For a prolonged thinking, the thinker needs to avoid fashion and current affairs to unravel processes that are not necessarily a consequence of trends in vogue. The popular writer and mystical mentor, Bhagwan Shree Rajneesh aka Osho is the mind that created fashion thinking by presenting his ideas in the garb of thinking for hippy period of 1970s and 1980s. However, his thoughts have become irrelevant for there was less thinking and more mysticism packaged for the spiritual market of new age movements.

Today, our experience of the outer world is structured in such a way that deprives us of the capacity to ponder for a ubiquitous presence of TV channels, adverts, social media, and other voices and images dominate our senses. They fizzle out after providing us immediate sensation and fleeting satisfaction, but leave no thinking with us. This order of things connects individual via technology with life and other humans.

Thus, it deprives humans from thinking about their experience. As a corollary, nihilism increases its domain over meaning in today’s civilisation underpinned by tele-techno mind and cybernetic connections. Karl Jaspers locates void in our life in the outer connectivity and inner vacuity. He thinks that today, "The community of the masses of human beings has produced an order of life in regulated channels which connects individuals in a technically functioning organisation, but not inwardly from the historicity of their souls."

At the same time, we are spoiled by so many choices that we lose the capacity to choose. We spread ourselves thinking over an array of things to remain relevant to the vogue of the time. Our situation is like a tree whose branches spread over miles but with roots few feet deep in the soil.
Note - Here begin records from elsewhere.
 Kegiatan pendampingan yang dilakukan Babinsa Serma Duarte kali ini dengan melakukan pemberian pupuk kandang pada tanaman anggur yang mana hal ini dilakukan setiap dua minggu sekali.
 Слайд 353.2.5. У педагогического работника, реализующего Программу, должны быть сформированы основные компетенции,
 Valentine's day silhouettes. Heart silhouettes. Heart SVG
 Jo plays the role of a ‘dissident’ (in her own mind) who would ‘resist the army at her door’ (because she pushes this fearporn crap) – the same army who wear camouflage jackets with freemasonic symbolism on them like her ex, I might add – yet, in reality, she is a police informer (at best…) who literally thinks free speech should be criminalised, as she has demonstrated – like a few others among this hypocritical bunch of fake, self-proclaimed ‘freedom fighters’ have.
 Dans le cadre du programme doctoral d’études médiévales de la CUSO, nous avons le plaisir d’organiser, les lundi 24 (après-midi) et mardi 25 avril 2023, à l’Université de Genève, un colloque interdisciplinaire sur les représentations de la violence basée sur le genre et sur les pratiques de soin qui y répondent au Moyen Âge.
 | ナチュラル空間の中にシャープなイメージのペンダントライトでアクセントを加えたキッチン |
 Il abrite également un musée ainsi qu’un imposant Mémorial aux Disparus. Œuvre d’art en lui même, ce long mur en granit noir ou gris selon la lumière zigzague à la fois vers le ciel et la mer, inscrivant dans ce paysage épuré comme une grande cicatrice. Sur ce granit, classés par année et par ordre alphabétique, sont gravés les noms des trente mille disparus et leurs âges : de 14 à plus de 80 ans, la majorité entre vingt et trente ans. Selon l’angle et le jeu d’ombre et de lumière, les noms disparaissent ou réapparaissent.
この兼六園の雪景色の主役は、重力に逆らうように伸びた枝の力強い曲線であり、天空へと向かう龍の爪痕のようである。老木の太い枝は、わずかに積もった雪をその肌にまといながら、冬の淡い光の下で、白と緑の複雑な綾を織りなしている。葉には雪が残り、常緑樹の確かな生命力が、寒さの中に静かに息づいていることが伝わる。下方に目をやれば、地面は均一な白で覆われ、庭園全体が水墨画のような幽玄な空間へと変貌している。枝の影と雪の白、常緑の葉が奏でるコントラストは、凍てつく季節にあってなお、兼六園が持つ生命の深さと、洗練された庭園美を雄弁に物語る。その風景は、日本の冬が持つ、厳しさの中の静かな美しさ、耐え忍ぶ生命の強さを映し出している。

Such a tree cannot stand against fast wind let alone facing a tumultuous storm.

Only that tree soars into heights that aspire to catch light by digging roots deeper in the soil. The deeper the roots of our thinking, the higher will be our thoughts. Depth and loftiness in thinking are proportionate. We can see the light of reality and reflect upon our state by freeing ourselves from the chains of unthinking life and entrenching roots in the soil of thinking.

Most of the minds give up at the stage where more thinking is required. The starting point to learn thinking is to engage with an issue or problem that remains intransigent and intelligible. It is where the real thinking starts. Acceptance of received wisdom, commonly clear and obvious postulates are the enemy of thinking.
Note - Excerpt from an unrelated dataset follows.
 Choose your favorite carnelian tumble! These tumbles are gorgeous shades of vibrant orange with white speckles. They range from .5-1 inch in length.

Engagement connotes giving time for the thought to become ripe. Thinking demands time to conceive and produce the idea.Thinking takes time to furrow in the soil of being to sow seeds to produce thought within us. But we do not have patience and time for thinking to take its root within our being. Seen in this way, thinking seems to be a vow to give our mind to an enduring question with no lasting answers. Providing cue to the learning to think, Martin Heidegger states, "We learn to think by giving our mind to what there is to think about."
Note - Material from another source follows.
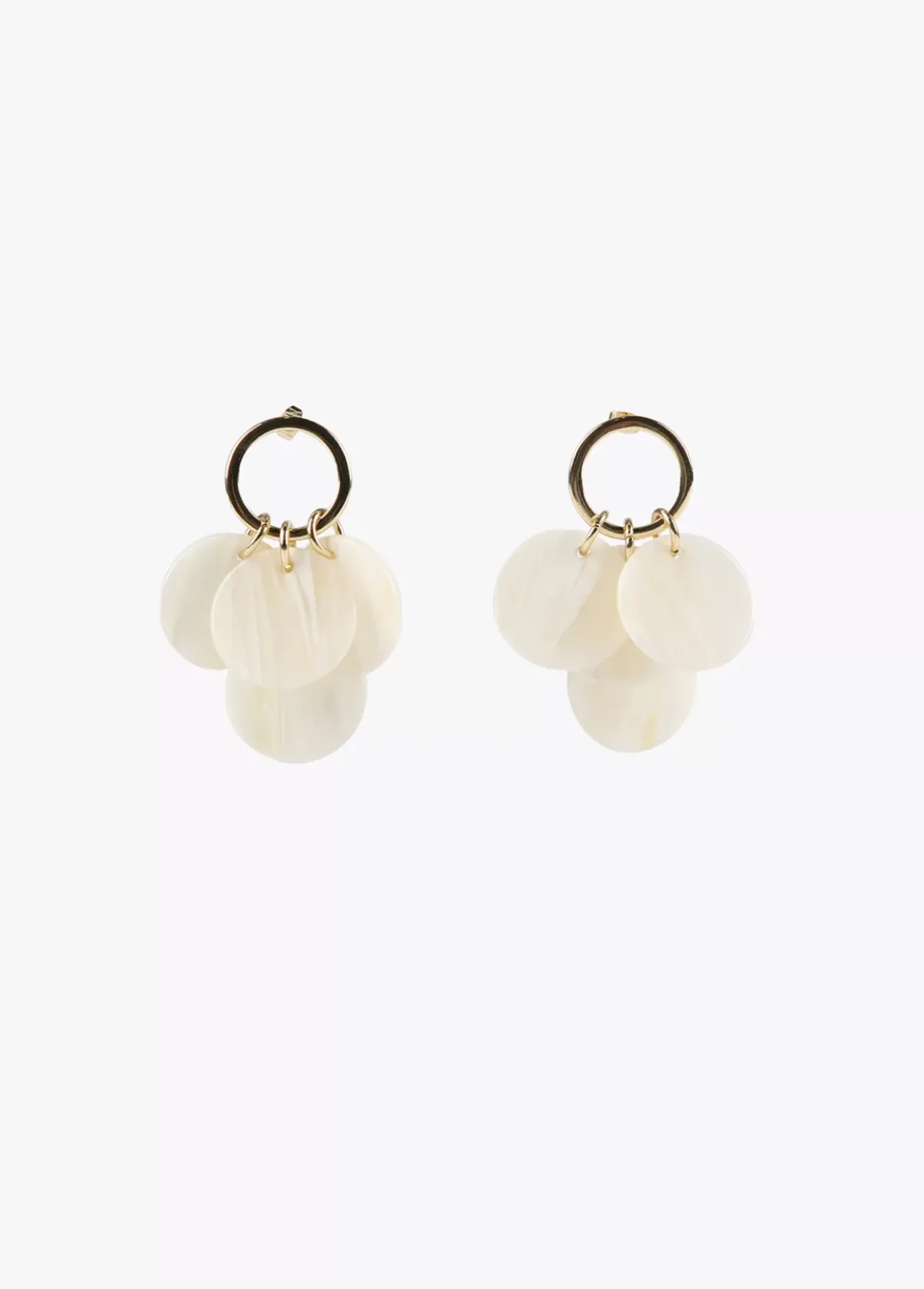 Pendientes de aro dorados con multi piezas blancas y nacaradas.

Read also: Thinking in the age of unthought – I

As an unthinking society, we have given the task of thinking for us to the guardians of sacred who have expanded the sphere of unthought over thought, unthinking over thinking and darkness over light. Our society has become a cave where darkness of unthought precludes us to venture out to see the light of knowledge. To emancipate ourselves from unlived life, let there be light of thinking enter into minds to create order in the chaos, form in void, and illumination in the darkness created by unthinking entities full with zeal and supported by zealots.